Despite this, plenty of stocks are far off their highs. For example:
Marriott International MAR is one of the world’s largest hospitality providers, boasting 8900 properties in 141 countries. The Bethesda, Maryland-based hotelier boasts annual revenues of over $24 billion.
United Airlines UAL, along with American Airlines AAL and Delta Airlines (DAL), is one of the “big three” U.S. passenger carriers. United offers 4500 daily flights to over 300 cities across five continents.
Carnival Corporation CCL is the world’s largest cruise provider.

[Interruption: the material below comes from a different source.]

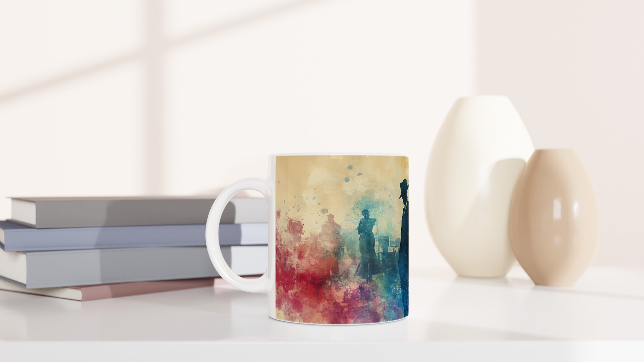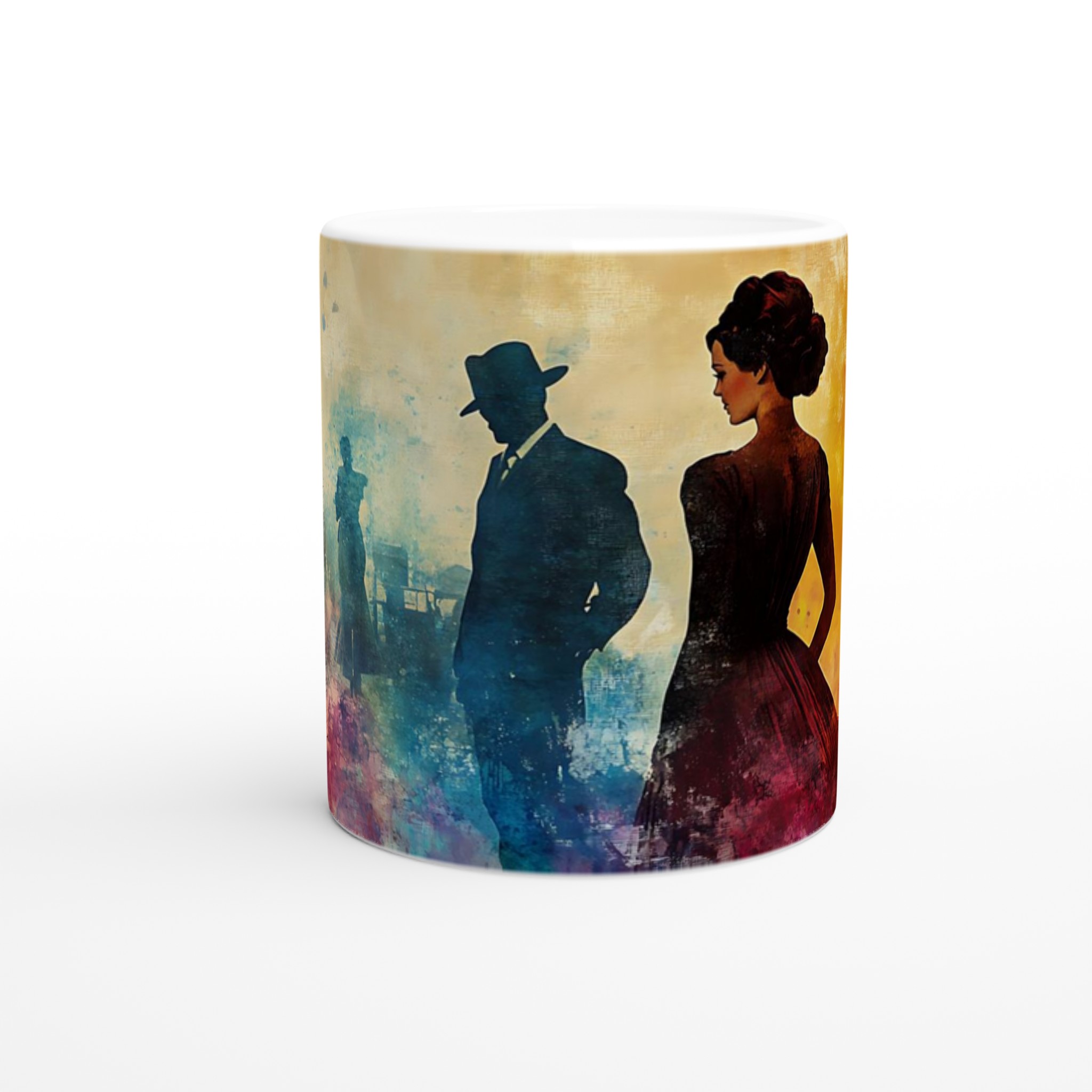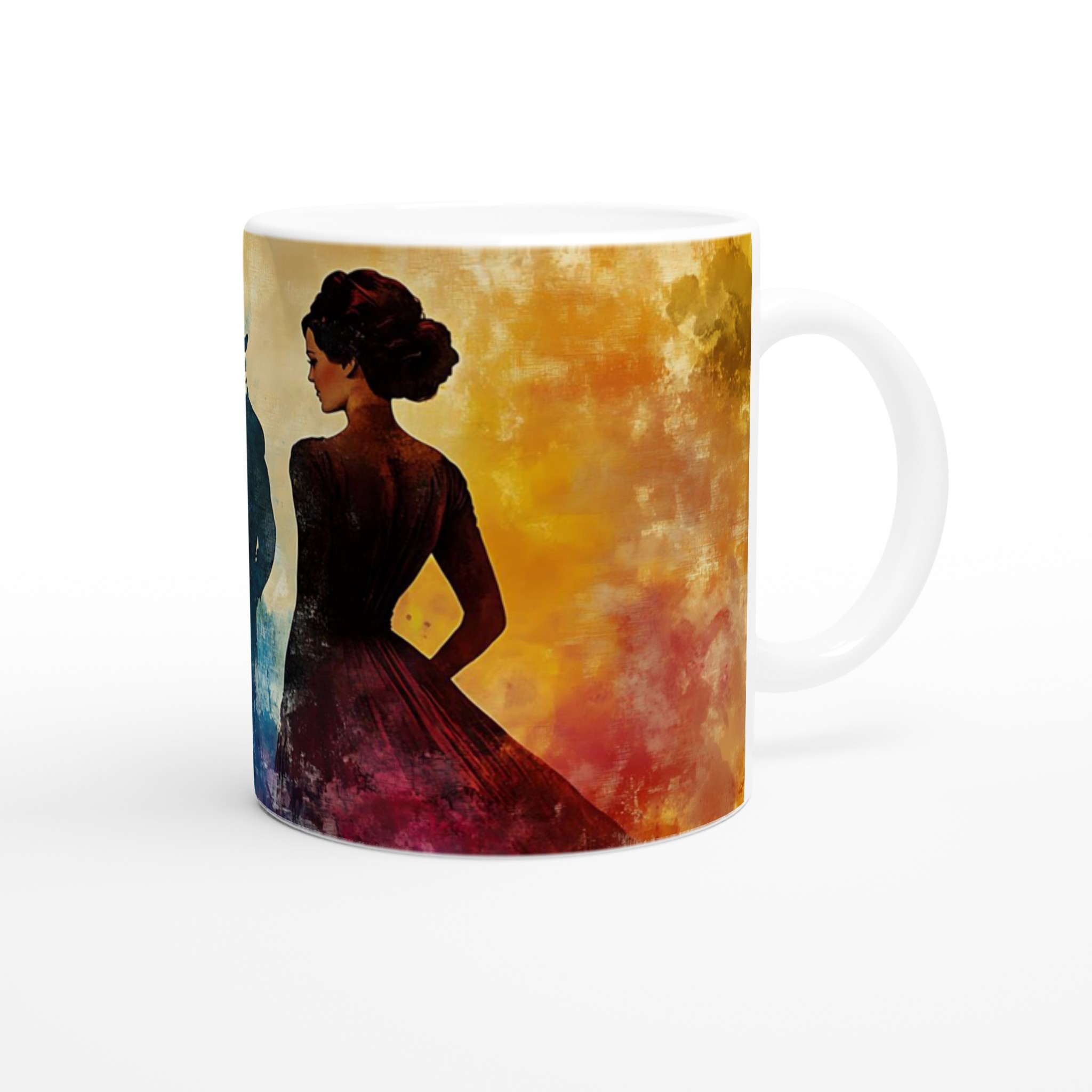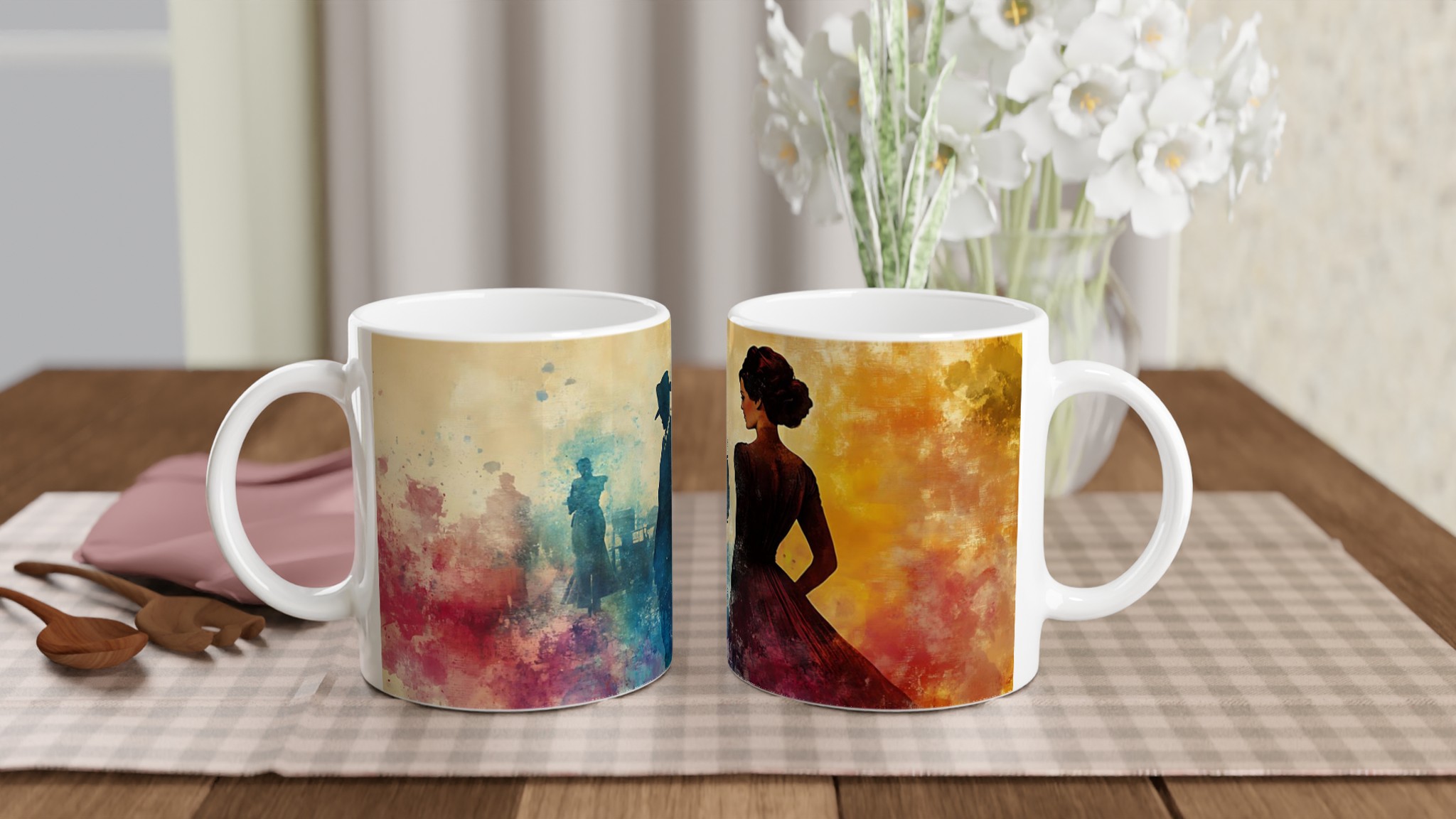 Denna unika mugg fångar en abstrakt konstnärlig stil, där silhuetter möter explosioner av färg i en dynamisk sammansättning. Inspirerad av klassisk elegans och modern akvarellkonst, skapar den en känsla av mystik och rörelse – perfekt för den som uppskattar konst och drama i vardagen. Den blanka vita ytan ger ett skarpt och levande tryck som verkligen sticker ut, oavsett om det är en personlig design, ett roligt citat eller en present till någon du tycker om.

Carnival operates a fleet of over 100 ships across 9 different brands.
Six Flags Entertainment SIX is the second-largest U.S. amusement park operator, and the fourth-largest in the world.
All four travel and leisure-focused companies are among the leaders in their respective areas, and all four have similarly woeful charts. After viewing these charts, you may reconsider owning travel and leisure-related holdings in your portfolio.
After reporting earnings at the end of July, shares of Marriott fell off a cliff (point A). The stock fell below its 50-day (blue) and 200-day (red) moving averages to reach a six month low by August 5 (point B). Those key moving averages now appear ready to cross, a sign of negative momentum (point C).

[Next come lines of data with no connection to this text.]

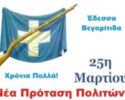 Επ ευκαιρία της επετείου της 25ης Μαρτίου, η Νέα Πρόταση Πολιτών Έδεσσας Βεγορίτιδας τιμά τους αγωνιστές του 1821 που χύσανε […]
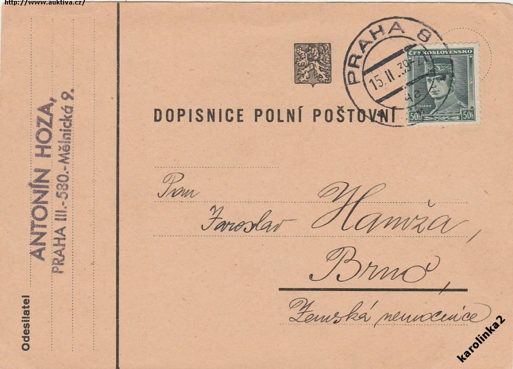 ČS.POLNÍ POŠTA= DOPISNICE POUŽITA SOUKROMĚ ! /rok1939*c5324
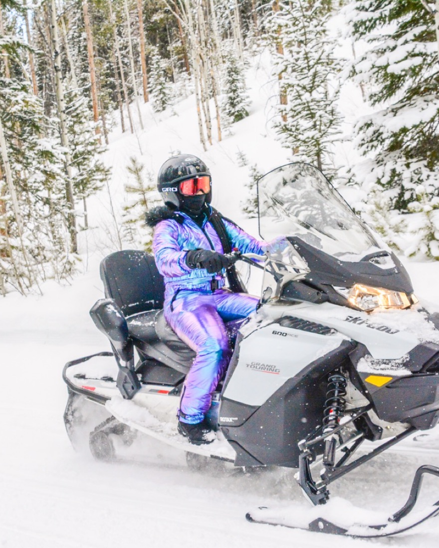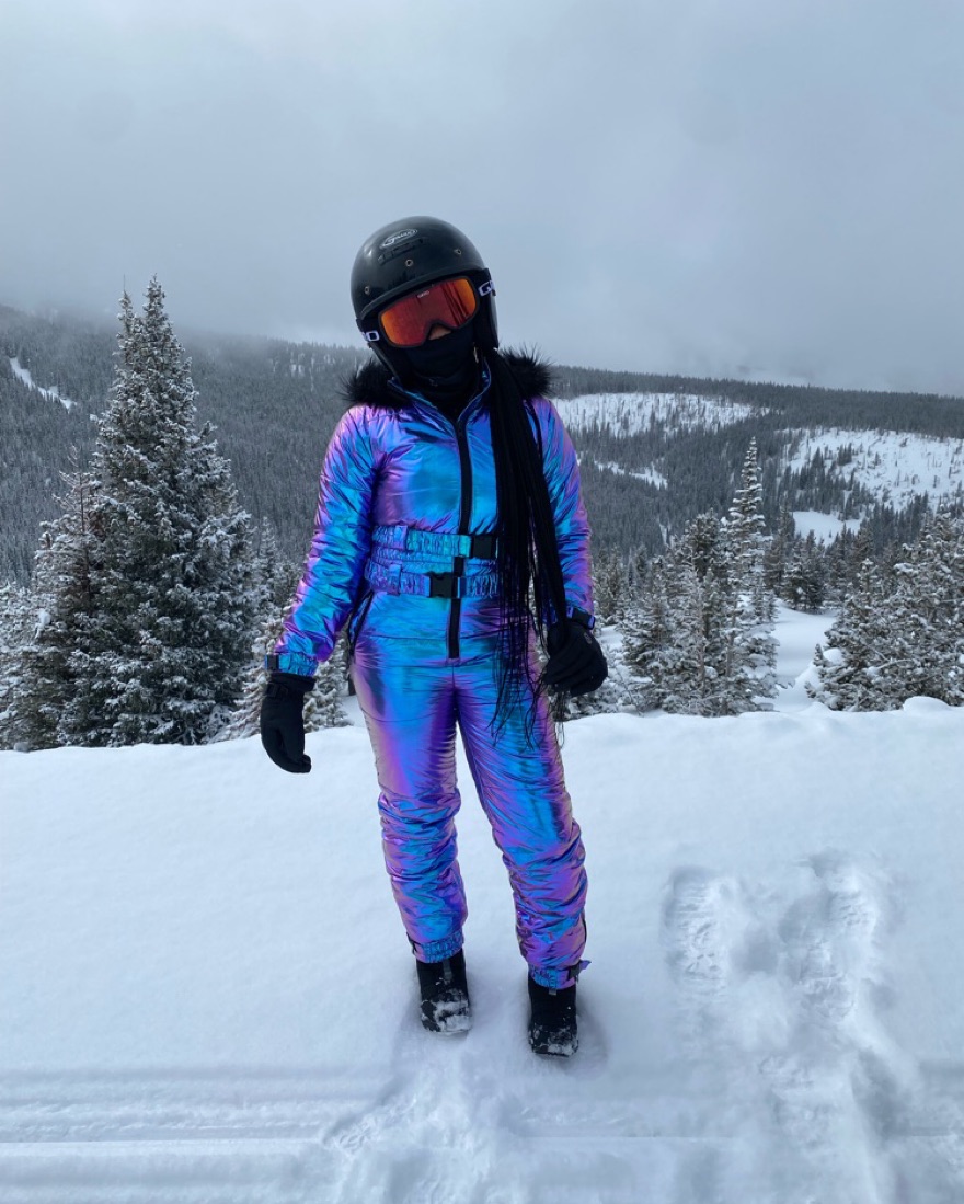 Small metallic one piece snow suit. I am 5’2. I weigh about 150 pounds. I wore 2 layers under it, and I was snug and warm!
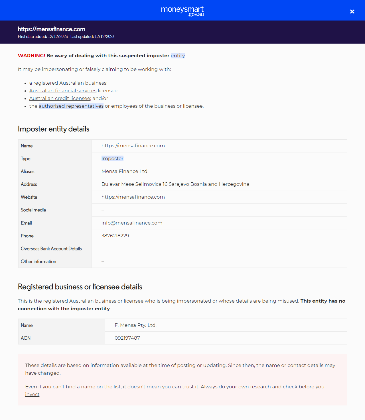 Namahttps://mensafinance.com TypeImposterMeniru bisnis terdaftar Australia, layanan keuangan Australia (AFS) atau pemegang lisensi kredit, atau perwakilan atau karyawan dari ini. AliasMensa Finance Ltd AlamatBulevar Mese Selimovica 16 Sarajevo Bosnia dan Herzegovina Situs webhttps://mensafinance.com Media sosial– Emailinfo@mensafinance.com Telepon38762182291 Detail Rekening Bank Luar Negeri– Informasi lain–.

While the stock has been climbing along with the market since its August 5 low, the volume on Marriott’s recent rally is well below the level of turnover that occurred during its selloff (shaded yellow). This is a sign that Marriott’s rally might soon end.
During a press conference following its recent earnings report, Marriott noted a weaker operating environment in China, and suggested that demand in the U.S. and Canada was softening.
Like Marriott, United Airlines provided disappointing forward guidance. United lowered its earnings projection to between $2.75 and $3.25 per share. Analysts were anticipating third quarter earnings at $3.38 per share.
United reached a six-month low on August 5. The stock trades below its key 50-day (blue) and 200-day (red) moving averages, which appear ready to cross (shaded yellow).

Shares of Carnival Corporation lost 27.5% over a nasty two-week stretch. The stock reached a three-month low on August 5, and is trading well below its key 50-day (blue) and 200-day (red) moving averages.

Despite a recent bounce, shares of Six Flags Entertainment have lost over 22% over the past month.

How can we interpret the above four charts, taken together?
Consumers are still suffering from the worst bout of inflation in over forty years. That alone could have a negative impact on all four stocks, and their respective sectors.
In addition, if economic growth is slowing, it would be reasonable to assume this would have a negative impact on hotels and airlines.
It’s also possible that pent-up demand for travel experiences in the wake of the Covid-19 pandemic has finally run its course.
We can speculate about the reasons why these stocks are seemingly falling in tandem, but it's more important to take precautionary measures. I'm closing all positions related to travel and leisure, effective immediately.